Given information:
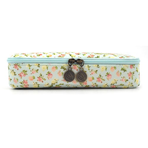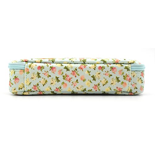 Pencil Case, Twinkle Club Pen Bag Makeup Pouch Zipper Box Office Organizer Rose Floral, Cyan
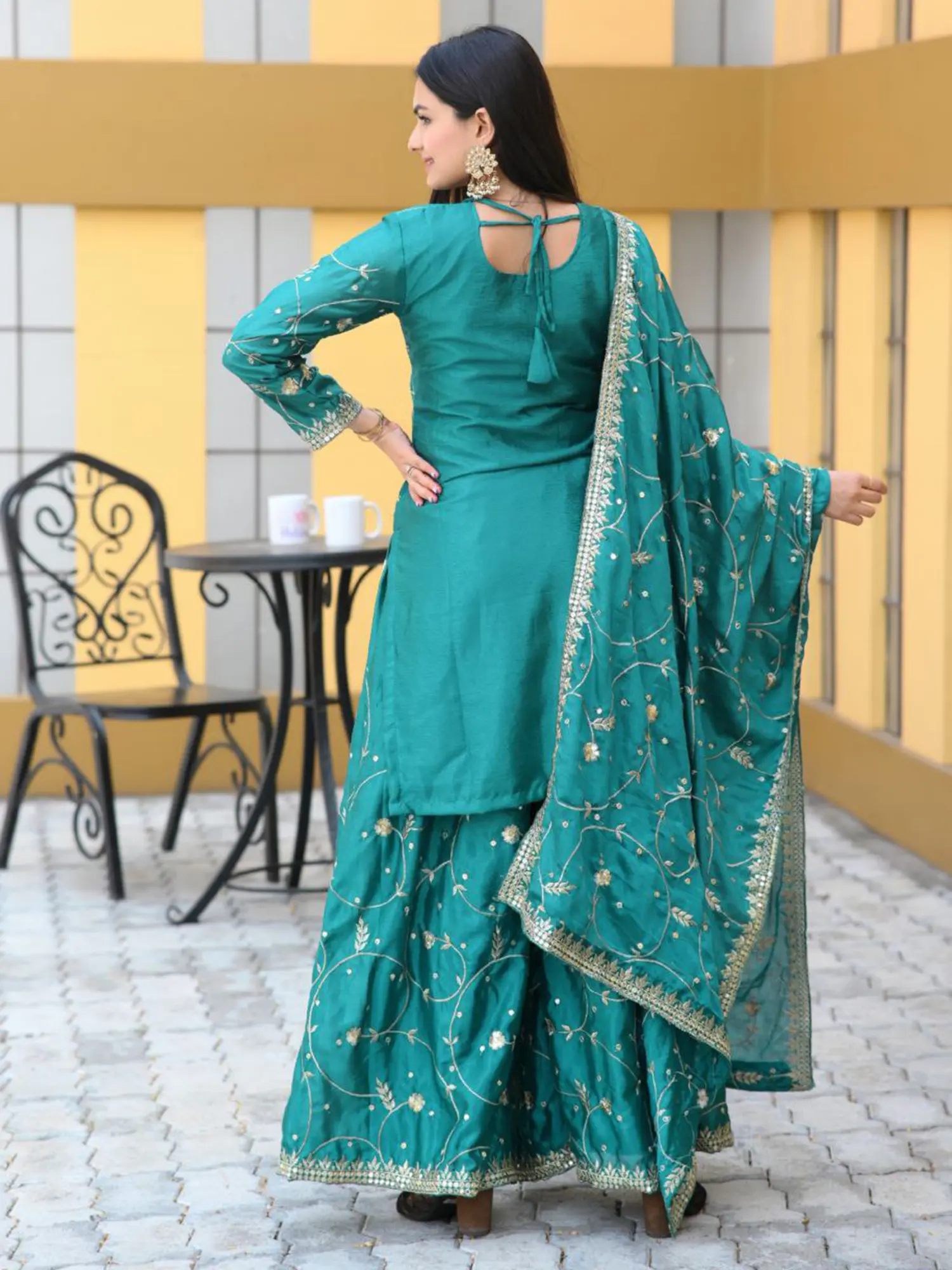 Attractive Chinon Sequins And Embroidery Work Kurti Sharara Set With Dupatta
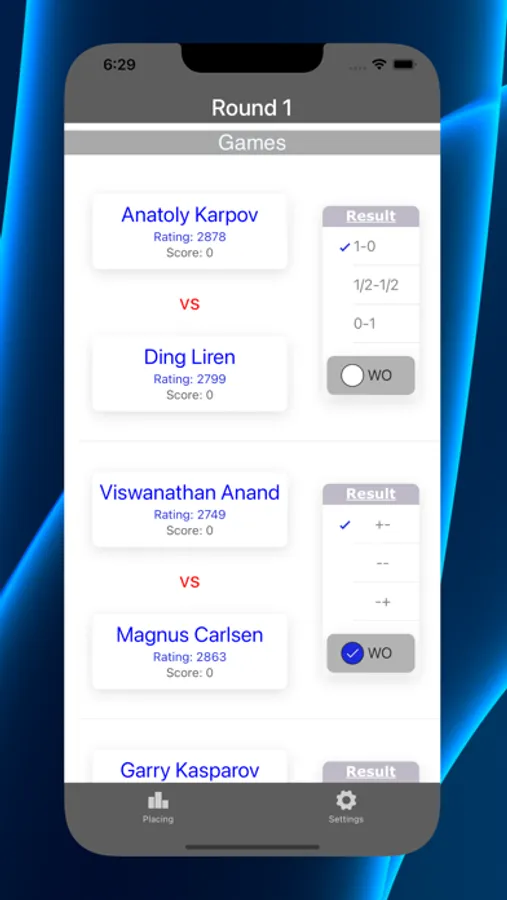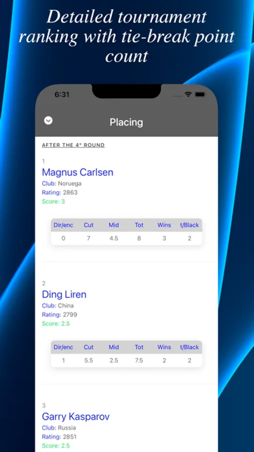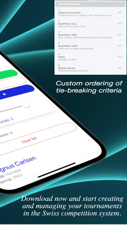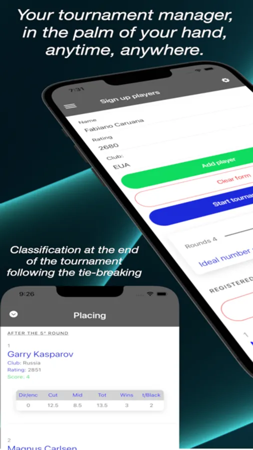 Application that makes pairing in the Swiss competition system, manages the tournament simply and easily, without any complications, can be used for chess tournaments, checkers and other sports.
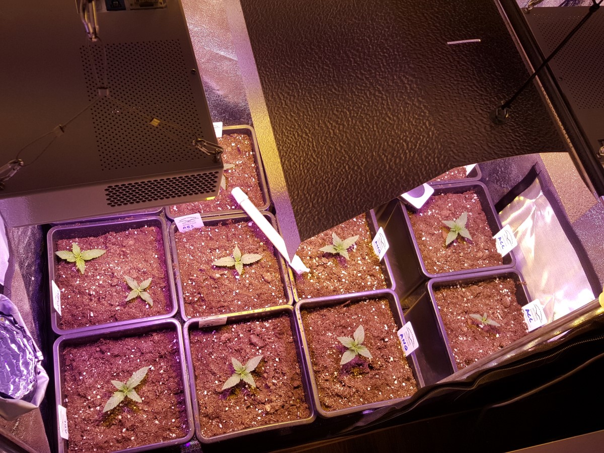Hallo RollingStoners, hier een eerste extra update van mijn LED-HPS-Autoflower testkweek. Ik heb inmiddels de nodige LED-ervaring en een ding wat mij steeds opvalt, is dat LED kweeklampen wel voldoende licht geven, maar dat ze wat aan stralingswarmte missen. Dit is natuurlijk met name in de zomermaanden wel een voordeel, maar zorgt er ook voor dat de groei van wietplanten anders verloopt. De bladeren verdampen minder vocht waardoor er ook minder water, en dus voeding opgezogen wordt. Om dit te compenseren heb ik tussen mijn twee CrazyLEDs deze keer een kleine HPS kweeklamp van 150 Watt gehangen. Wat verder ook nieuw is, zijn natuurlijk de vier autoflower wietsoorten. Nieuw voor mij omdat ik nog niet eerder binnen met autoflowers in de weer ben geweest, maar voor jullie ook nieuw omdat het hier om spiksplinternieuwe soorten gaat. Ik ben zeer benieuwd naar deze Amerikaanse soorten!
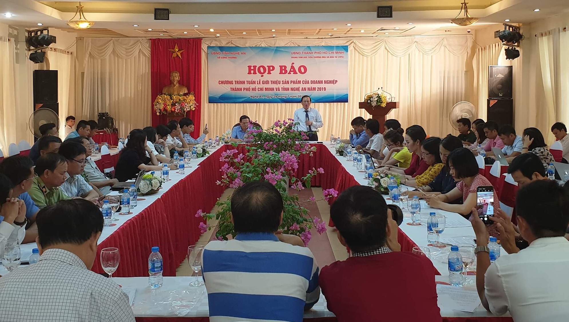 Để làm tốt mọi công tác chuẩn, chương trình diễn ra thành công, chiều 24/7/2019, Sở Công Thương Nghệ An đã tổ chức họp báo về việc phối hợp tổ chức chương trình “Tuần lễ giới thiệu sản phẩm của doanh nghiệp TP. Hồ Chí Minh và tỉnh Nghệ An năm 2019”.
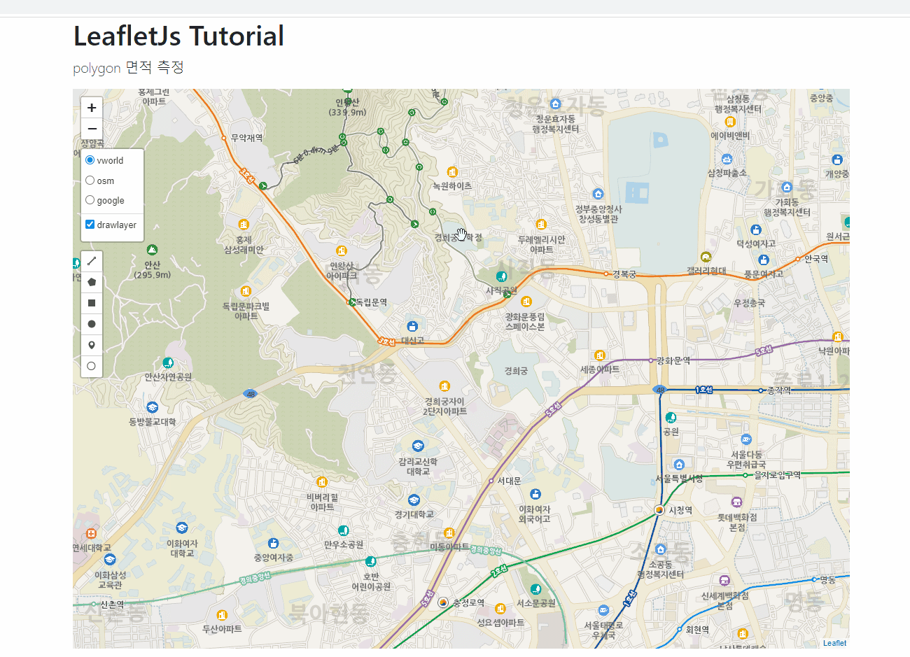 이번장에서는 Leaflet Draw 기능중에 polygon으로 그렸을때 해당 총 면적을 tooltip으로 표현하는것을 해보겠습니다.
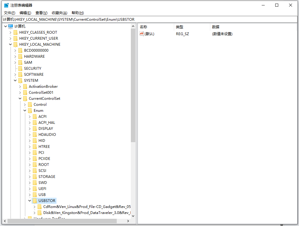 HKEY_LOCAL_MACHINE\SYSTEM\CurrentControlSet\Enum\USBSTOR
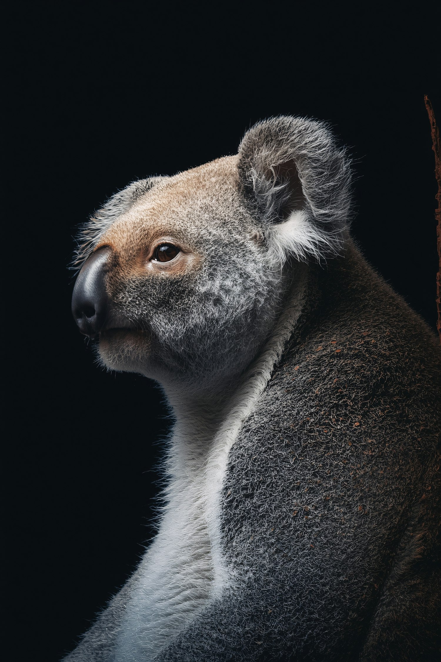 A close-up of a koala with detailed fur texture and a dark background, highlighting its expressive features and natural beauty.
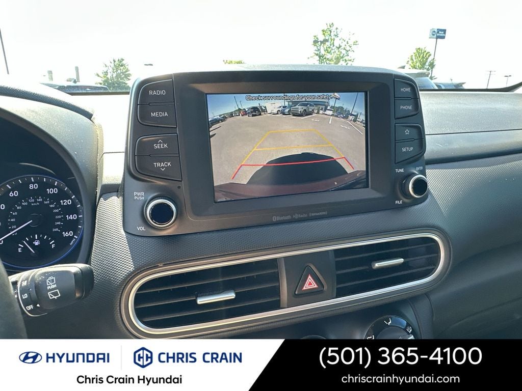 This Kona SEL also comes equipped with a range of impressive features, including SiriusXM radio, air conditioning, power windows, remote keyless entry, and more. Enjoy the convenience of the overhead console, tachometer, and heated front seats, all while staying connected with the advanced infotainment system.
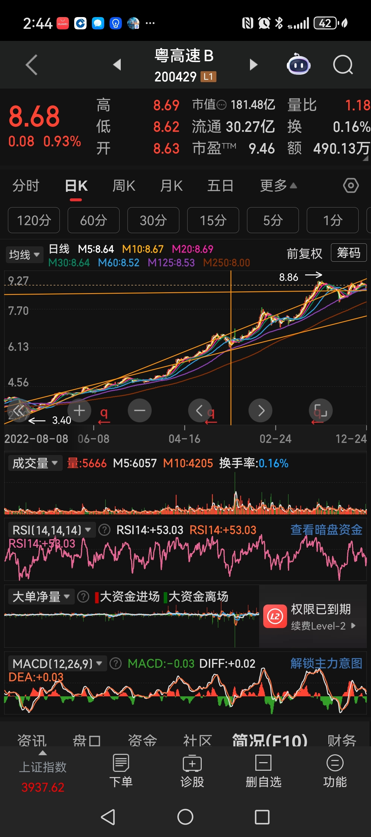 $粤高速B(SZ200429)$ 目前B股在年线250 天 半年线125天 60天均线之上,并且依然牛市排列向上的股票只有2个,宁通讯短期均线走好,但跌破60天均线的中期均线,并且60天均线掉头向下预示60天级别的周期压力加大,过去1年多突破250天年线后,首月2次刺破年线250天均线,刺破预示支撑有限,最终结果会有效跌破,只要破年线4.03-4.06必须警惕年度级别的下跌熊市。
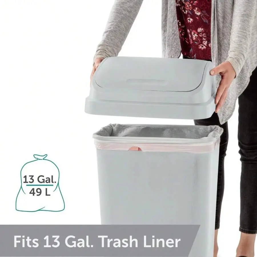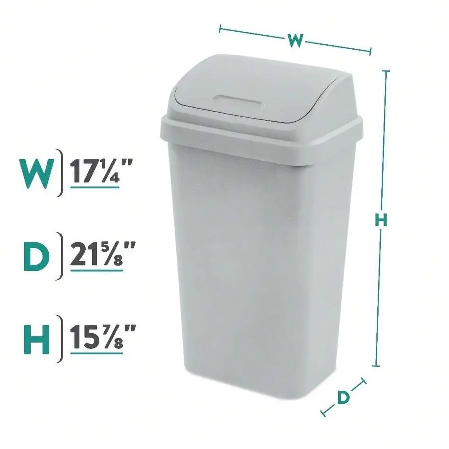 The Kitchen Trash Can, 13 Gallon Plastic Garbage Bin with Swing Top Lid, Light Gray combines modern style and practical convenience for busy kitchens. Its sleek square design and textured finish complement any home decor while providing durable daily use. The swing-top lid allows for effortless one-handed disposal, even when the can is placed flush against a wall or cabinet. Sized for standard 13-gallon liners, this sturdy plastic garbage bin keeps your kitchen organized and makes cleanup quick and simple. Perfect for kitchens, garages, or workspaces, it's a reliable and stylish waste solution for any home. Kitchen Trash Can, 13 Gallon Plastic Garbage Bin with Swing Top Lid, Light Gray13 gallon capacity: accommodates standard liners for kitchen trash or household garbage, providing ample space for daily disposal needsSwing-top lid: opens easily with one hand and stays open for quick, effortless cleanup in busy kitchensSpace-saving square design: fits snugly against walls or cabinets to maximize floor space without sacrificing style or functionalityDurable plastic construction: built to withstand daily use, easy to clean, and keeps garbage contained while reducing odorsVersatile placement: ideal for kitchens, offices, garages, or workspaces that need a reliable waste solution and phthalate-free: made from , materials for a healthy home environment
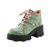 TMA EYES Women's Genuine Leather Hand-stitched Stitching Woven Top Style Zipper Lace-up Martin Boots
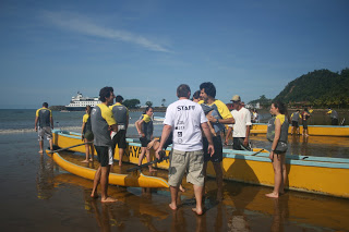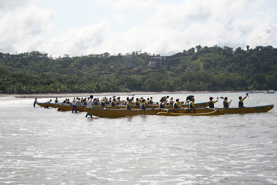 Um dia ensolarado amanheceu! A primeira prova do dia; canoa havaiana! Na praia do Hotel.
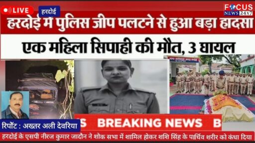 हरदोई में पुलिस जीप पलटने से बड़ा हादसा महिला सिपाही की मौके पर ही मौत
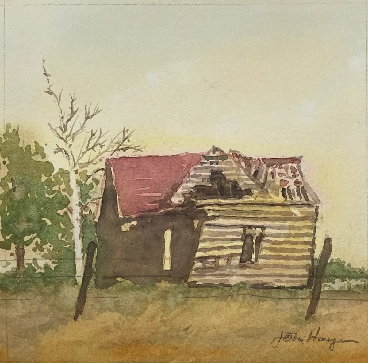 WatercolorDilapidated houseRusticLandscapeOld buildingRuralFarmhouseRealismStorytelling / NarrativeTherapeutic / ReflectiveLandscape / NatureHistorical / Cultural
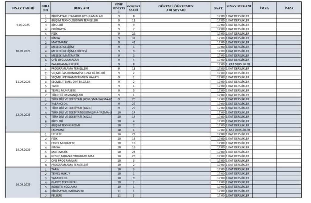 EYLÜL DÖNEMİ SORUMLULUK SINAVI PROGRAMI
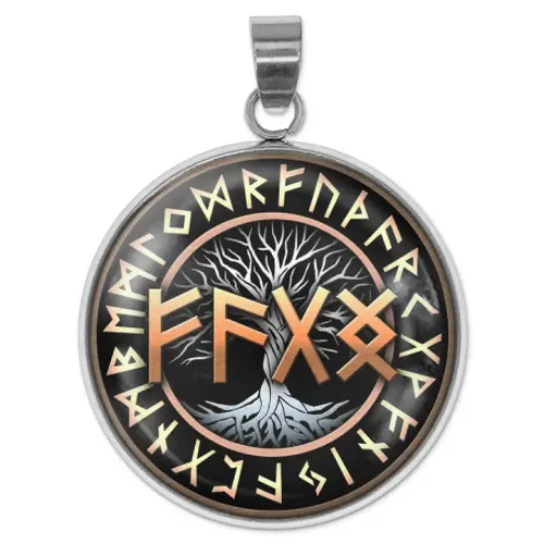 Кулон-амулет из нержавеющей стали с изображением под выпуклой стеклянной линзой.
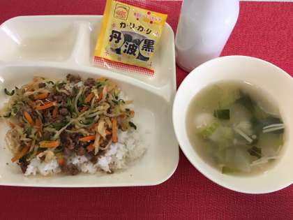 今日の献立は、ビビンバ・トック・いり黒豆・牛乳でした。
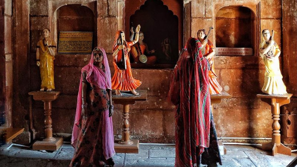 "Paayoji maine Ram Ratan dhan paayo (I have been given the richness of Lord's name blessing”, a famous Meera bhajan reverberates inside a giant book shop as one strolls past small tea stalls and vendors selling flowers in the lane leading to the Meera Bai temple. During the 500-metre walk, one encounters happy strangers who are eager to narrate legends associated with the mystic. Most of the shops nearby have miniature wooden figures and artworks of Meera Bai in her famous prayer position- clutching an ektara (a musical instrument with one string), with a dazed look on her face in the devotion of Lord Krishna, whom she endearingly called Giridhar.
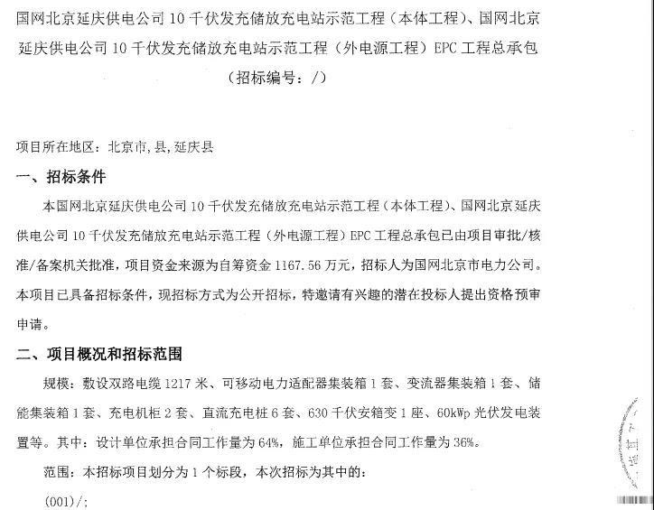 6月10日,國網(wǎng)北京延慶供電公司發(fā)布10千伏發(fā)充儲(chǔ)放充電站示范工程(本體工程及外電源工程)總承包招標(biāo)公告。

The problem:
Without the pictures, restate each entry exactly.

Response to this exercise:
 Pencil Case, Twinkle Club Pen Bag Makeup Pouch Zipper Box Office Organizer Rose Floral, Cyan
 Attractive Chinon Sequins And Embroidery Work Kurti Sharara Set With Dupatta
 Application that makes pairing in the Swiss competition system, manages the tournament simply and easily, without any complications, can be used for chess tournaments, checkers and other sports.
Hallo RollingStoners, hier een eerste extra update van mijn LED-HPS-Autoflower testkweek. Ik heb inmiddels de nodige LED-ervaring en een ding wat mij steeds opvalt, is dat LED kweeklampen wel voldoende licht geven, maar dat ze wat aan stralingswarmte missen. Dit is natuurlijk met name in de zomermaanden wel een voordeel, maar zorgt er ook voor dat de groei van wietplanten anders verloopt. De bladeren verdampen minder vocht waardoor er ook minder water, en dus voeding opgezogen wordt. Om dit te compenseren heb ik tussen mijn twee CrazyLEDs deze keer een kleine HPS kweeklamp van 150 Watt gehangen. Wat verder ook nieuw is, zijn natuurlijk de vier autoflower wietsoorten. Nieuw voor mij omdat ik nog niet eerder binnen met autoflowers in de weer ben geweest, maar voor jullie ook nieuw omdat het hier om spiksplinternieuwe soorten gaat. Ik ben zeer benieuwd naar deze Amerikaanse soorten!
 Để làm tốt mọi công tác chuẩn, chương trình diễn ra thành công, chiều 24/7/2019, Sở Công Thương Nghệ An đã tổ chức họp báo về việc phối hợp tổ chức chương trình “Tuần lễ giới thiệu sản phẩm của doanh nghiệp TP. Hồ Chí Minh và tỉnh Nghệ An năm 2019”.
 이번장에서는 Leaflet Draw 기능중에 polygon으로 그렸을때 해당 총 면적을 tooltip으로 표현하는것을 해보겠습니다.
 HKEY_LOCAL_MACHINE\SYSTEM\CurrentControlSet\Enum\USBSTOR
 A close-up of a koala with detailed fur texture and a dark background, highlighting its expressive features and natural beauty.
 This Kona SEL also comes equipped with a range of impressive features, including SiriusXM radio, air conditioning, power windows, remote keyless entry, and more. Enjoy the convenience of the overhead console, tachometer, and heated front seats, all while staying connected with the advanced infotainment system.
 $粤高速B(SZ200429)$ 目前B股在年线250 天 半年线125天 60天均线之上,并且依然牛市排列向上的股票只有2个,宁通讯短期均线走好,但跌破60天均线的中期均线,并且60天均线掉头向下预示60天级别的周期压力加大,过去1年多突破250天年线后,首月2次刺破年线250天均线,刺破预示支撑有限,最终结果会有效跌破,只要破年线4.03-4.06必须警惕年度级别的下跌熊市。
 The Kitchen Trash Can, 13 Gallon Plastic Garbage Bin with Swing Top Lid, Light Gray combines modern style and practical convenience for busy kitchens. Its sleek square design and textured finish complement any home decor while providing durable daily use. The swing-top lid allows for effortless one-handed disposal, even when the can is placed flush against a wall or cabinet. Sized for standard 13-gallon liners, this sturdy plastic garbage bin keeps your kitchen organized and makes cleanup quick and simple. Perfect for kitchens, garages, or workspaces, it's a reliable and stylish waste solution for any home. Kitchen Trash Can, 13 Gallon Plastic Garbage Bin with Swing Top Lid, Light Gray13 gallon capacity: accommodates standard liners for kitchen trash or household garbage, providing ample space for daily disposal needsSwing-top lid: opens easily with one hand and stays open for quick, effortless cleanup in busy kitchensSpace-saving square design: fits snugly against walls or cabinets to maximize floor space without sacrificing style or functionalityDurable plastic construction: built to withstand daily use, easy to clean, and keeps garbage contained while reducing odorsVersatile placement: ideal for kitchens, offices, garages, or workspaces that need a reliable waste solution and phthalate-free: made from , materials for a healthy home environment
 TMA EYES Women's Genuine Leather Hand-stitched Stitching Woven Top Style Zipper Lace-up Martin Boots
 Um dia ensolarado amanheceu! A primeira prova do dia; canoa havaiana! Na praia do Hotel.
 हरदोई में पुलिस जीप पलटने से बड़ा हादसा महिला सिपाही की मौके पर ही मौत
 WatercolorDilapidated houseRusticLandscapeOld buildingRuralFarmhouseRealismStorytelling / NarrativeTherapeutic / ReflectiveLandscape / NatureHistorical / Cultural
 EYLÜL DÖNEMİ SORUMLULUK SINAVI PROGRAMI
 Кулон-амулет из нержавеющей стали с изображением под выпуклой стеклянной линзой.
 今日の献立は、ビビンバ・トック・いり黒豆・牛乳でした。
 "Paayoji maine Ram Ratan dhan paayo (I have been given the richness of Lord's name blessing”, a famous Meera bhajan reverberates inside a giant book shop as one strolls past small tea stalls and vendors selling flowers in the lane leading to the Meera Bai temple. During the 500-metre walk, one encounters happy strangers who are eager to narrate legends associated with the mystic. Most of the shops nearby have miniature wooden figures and artworks of Meera Bai in her famous prayer position- clutching an ektara (a musical instrument with one string), with a dazed look on her face in the devotion of Lord Krishna, whom she endearingly called Giridhar.
 6月10日,國網(wǎng)北京延慶供電公司發(fā)布10千伏發(fā)充儲(chǔ)放充電站示范工程(本體工程及外電源工程)總承包招標(biāo)公告。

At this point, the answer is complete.